[erlang-questions] Erlang tracing

Knut Nesheim knutin@REDACTED
Wed Sep 30 11:05:06 CEST 2015


On Mon, 21 Sep 2015 at 10:52 Lukas Larsson <lukas@REDACTED> wrote:

>
> To set the scope of the discussion, when I say tracing I include; erlang
> tracing, dtrace/systemtap, trace outputs (stdout/file/IP), filtering
> through match specs, sequence tracing, tool integration (dbg, fprof,
> redbug, recon to mention some) and probably more.
>

I've spent many hours trying to build "always on" instrumentation tools,
that you can even run in busy production systems. The biggest challenge in
Erlang compared to other languages / virtual machines is that it's more or
less impossible to follow the execution of a request due to the "use
processes for everything" designs many systems adopt. seq_trace has the
potential to help with this without requiring changes to code, but falls on
it's face as soon as a process talks to a port driver, which happens all
the time in most systems.

If after calling gen_tcp:send/receive the seq_trace token is still around,
it would be possible to build such an instrumentation tool.

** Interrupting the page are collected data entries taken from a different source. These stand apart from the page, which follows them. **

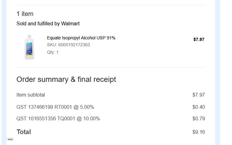 4. 946ml of 91% Isopropyl alcohol $9.16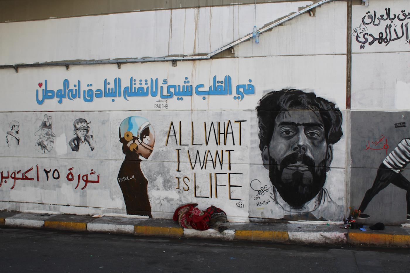 يقول علي: “نحن نتظاهر لأن العيش في العراق يشبه العيش على قنبلة: جوع وانفجارات وميليشيات وتهديدات، وكل تلك الثروات التي تُنهب وتذهب إلى جيوب أناس لم يلتحقوا حتى بمدارس، ولم يتلقوا أقل قدر من التعليم”.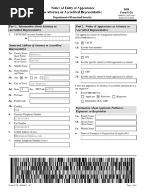 Form G 28 Notice Of Entry Of Appearance As Attorney Or Accredited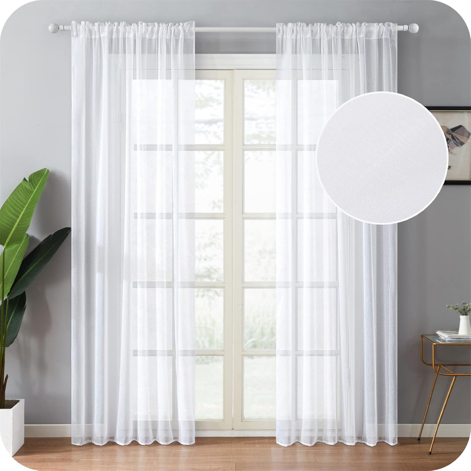 Topfinel propose un lot de 2 rideaux en voile blanc semi-transparent, pensé pour apporter de la lumière tout en gardant un minimum d’intimité. Le principe est simple : le tissu filtre la lumière du soleil pour créer une ambiance plus douce, sans assombrir la pièce comme peuvent le faire des voilages très opaques.

If the seq_trace token could be transferred as part of a message to another
node, that would be incredibly useful.

To give some context, New Relic provides agent libraries for many languages
and relies on thread locals to trace typically a HTTP request as it calls
different libraries, different databases, etc. This agent periodically
sends aggregated data back to New Relic, which has a nice web app where you
can view what is going on inside your systems.